Poland has imposed sanctions on 365 Belarusian citizens with links to the state after the Belarus Supreme Court upheld the eight-year prison sentence for Andrzej Poczobut, a journalist and Polish minority leader.
Last week, the Supreme Court of Belarus rejected Poczobut’s appeal against the sentence for “intentional actions aimed at inciting hostility and hatred on national, religious and social grounds.”
In response, Poland issued a sanctions list, which includes people who “promoted the Belarusian regime and were engaged in legitimising and supporting repressive policy of the authorities in Minsk,” Polish Interior Minister Mariusz Kamiński announced on Monday.
Some “are responsible for the politically-motivated sentence against Andrzej Poczobut, passed based on false charges,” he added. The list also features business representatives and people linked to the irregular migration flows to Poland and other Baltic states.
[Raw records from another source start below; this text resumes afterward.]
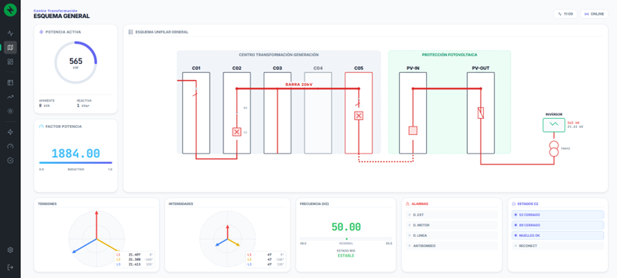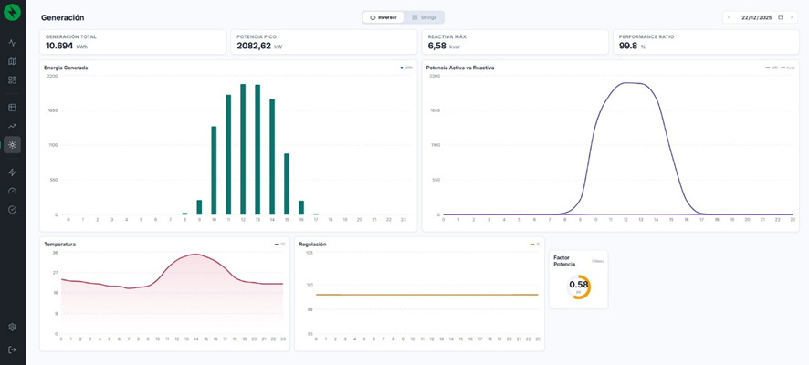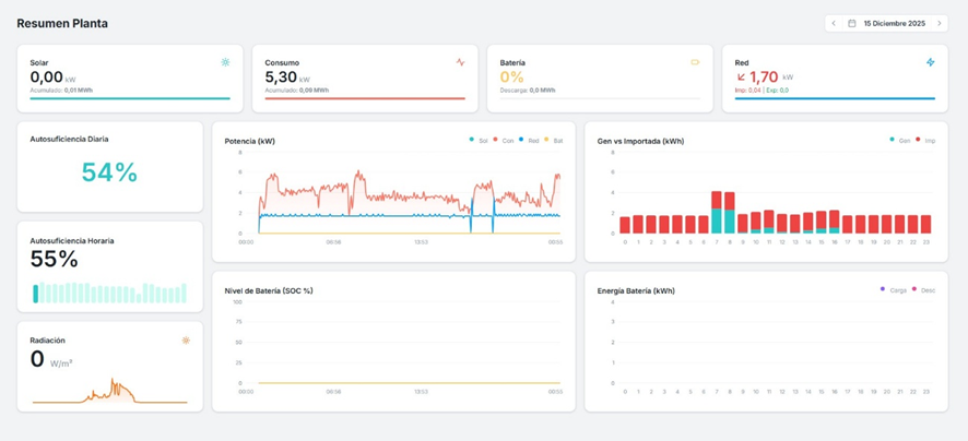 El sistema permite visualizar consumos, potencias, estados operativos, alarmas y variables ambientales desde cualquier dispositivo, integrando equipos como inversores, analizadores de redes, estaciones meteorológicas o sensores específicos. Además, incorpora indicadores avanzados como el análisis de pérdidas y la eficiencia real de la instalación.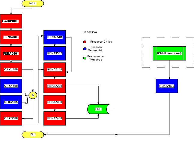 Legenda: EDR – Conjunto de arquivos contendo dados das intervenções realizadas e peças substituídas ICM – Sistema de Comunicação entre "dealer" e fabricante em substituição ao GCM OTS – Operação Técnica Especial. Intervenção indicada pela Renault com base em ocorrências.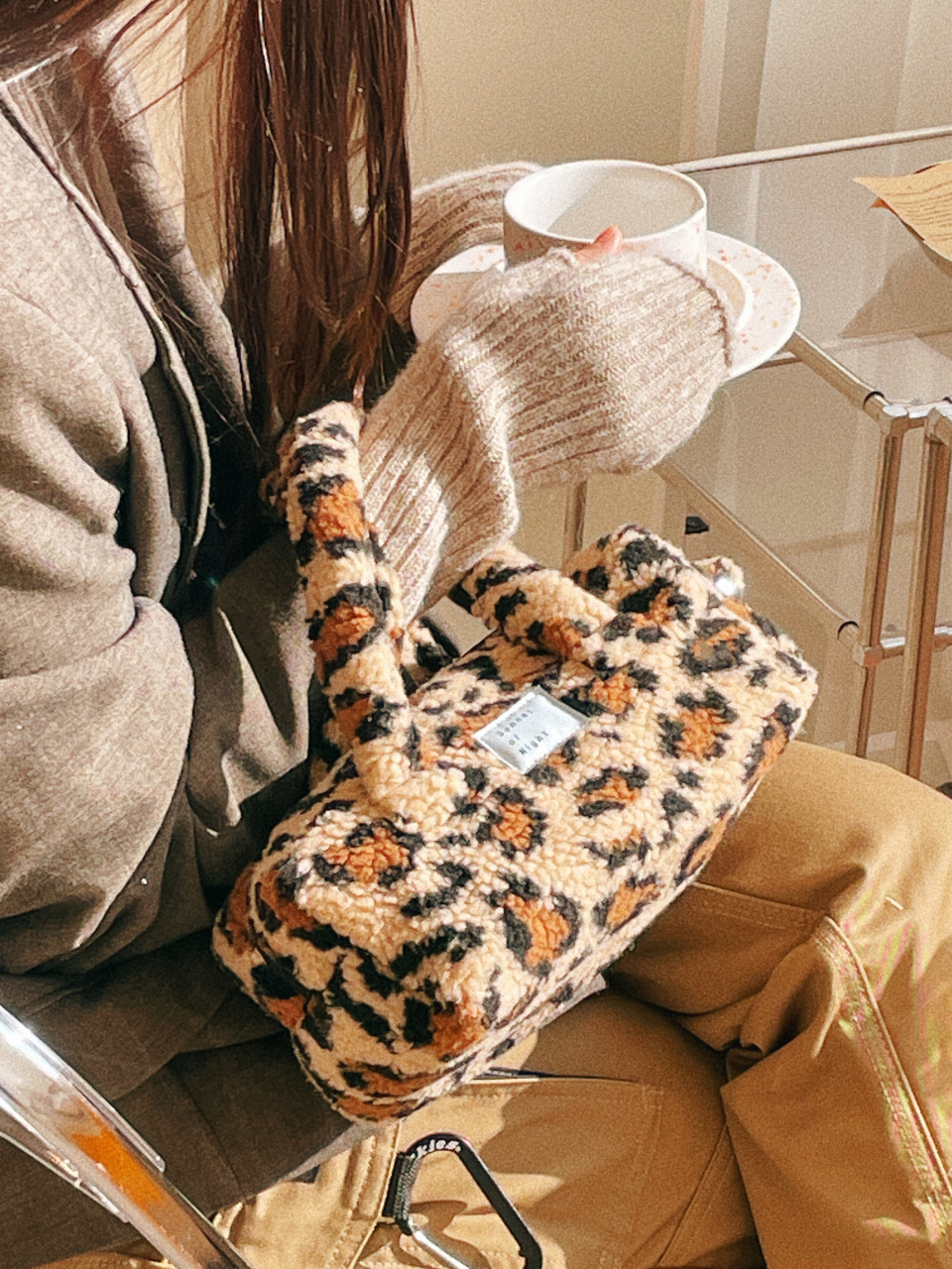 호피 덤블 미니 토트 핸드백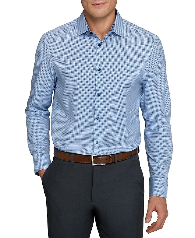 Men's Slim Fit Micro Geo 4-Way Stretch Performance Dress Shirt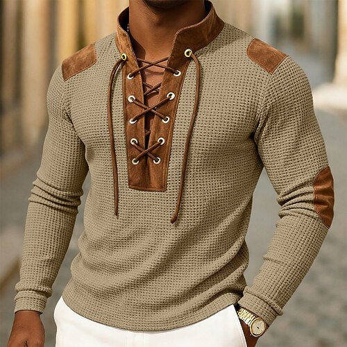 Per uomo Camicia a nido d'ape Maglietta Camicie da uomo con toppe sui gomiti Manica Lunga Colletto Primavera Primavera Autunno Blocco di colori Vintage Designer Essenziale Allacciato Patchwork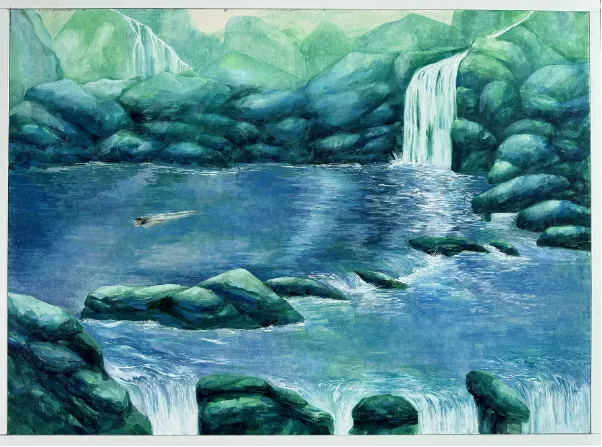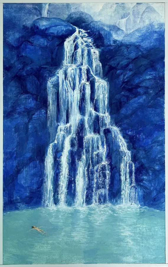 하나의 물줄기는 바위를 만나 감싸며, 넓어지고, 거세게 내리치다가 얌전히 흐른다. 물은 완전한 형태를 가지지 않고 다른 것에 온전히 자신을 맞춘다. 그러나 완전한 형태를 띄지 않아도 결국 폭포의 주인공은 ‘물’이 된다. 쏟아내리는 폭포는 자연의 규율 속에서 자유로움을 갖는다. 나는 이런 물성이 좋아 그림에 담아보았다. 또한 <푸른 폭포>는 장자의 ‘소요유(逍遙遊)’가 말하는 세속을 초월하는 ‘자유로운 정신의 노닐기’를 함의했으며 여러분이 작품을 감상할 때 목적과 한계도 없이 자유의 상태로 천지와 정신적으로 소통하길 바란다.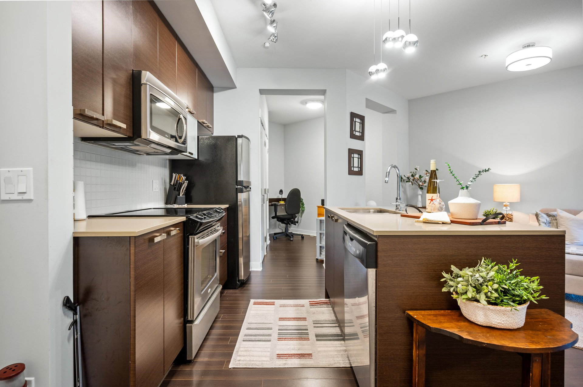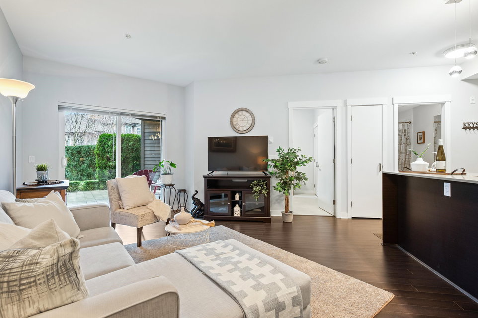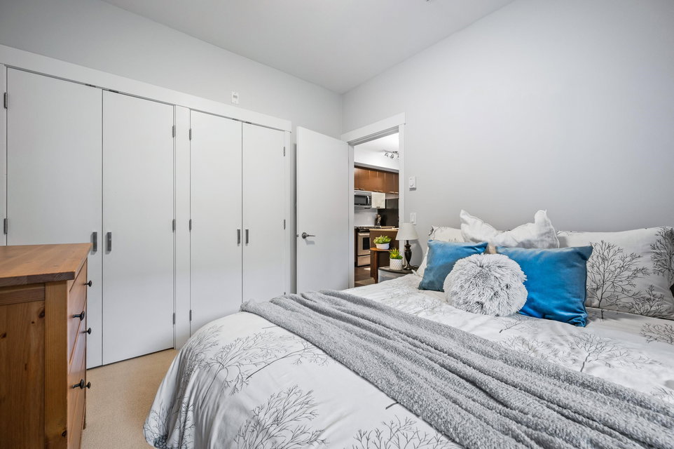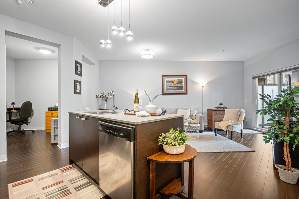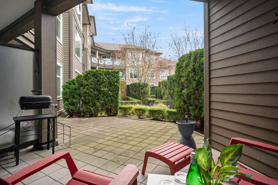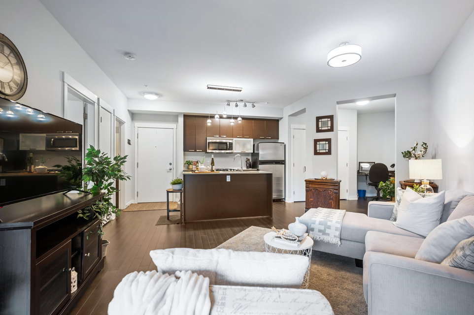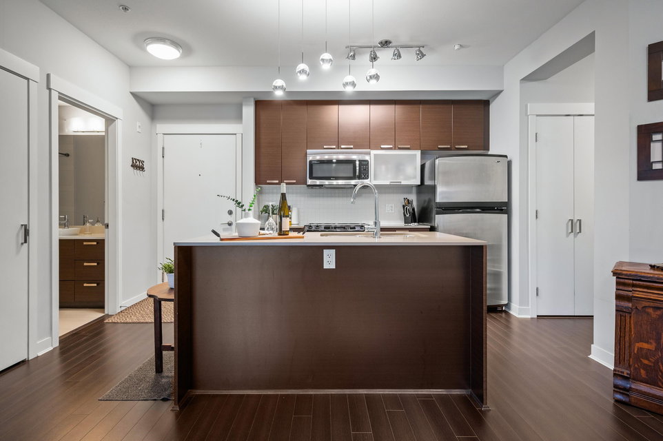 WELCOME HOME to this light, bright, spacious 1 bedroom, 1 bathroom PLUS DEN unit with large, PRIVATE, gorgeous walk-out patio/courtyard area to enjoy extra outdoor living space. This very well maintained home offers laminate flooring, quartz counters, stainless appliances and an open den. Calera offers a gym and exercise centre, and is just steps to shops, coffee, restaurants, transit and close to the upcoming sky train expansion. Call today and make this your new home!

Those featured on the sanctions list were reportedly engaged in court proceedings concerning the participants of anti-government protests, gathering information about protesters, but also using physical and mental violence against the opposition and discriminating against the Polish minority in Belarus, among other things.
According to the Polish decision, those sanctioned will be banned from entering Poland and the whole Schengen zone, while the business people will also have their assets frozen.
Poczobut, 49, is a long-time correspondent for the liberal Gazeta Wyborcza newspaper. He was also an activist of the Union of Poles in Belarus (ZPB), a Polish minority organisation de-legalised by Alexander Lukashenko’s regime. Poczobut is internationally recognised as a political prisoner, and many countries have appealed for his release.
The Polish sanctions list includes 159 MPs, 76 judges, seven public prosecutors, 32 local administration officials, 28 officers of police and other services, 23 representatives of propagandist media, 24 athletes and sports officials, eight state administration officials and representatives of state companies, and eight people involved in culture and science.
Sanctions were also imposed on 16 representatives of businesses connected to Moscow and persons responsible for orchestrating irregular migration of people from the Middle East and North Africa to Poland and the Baltic countries, the ministry added.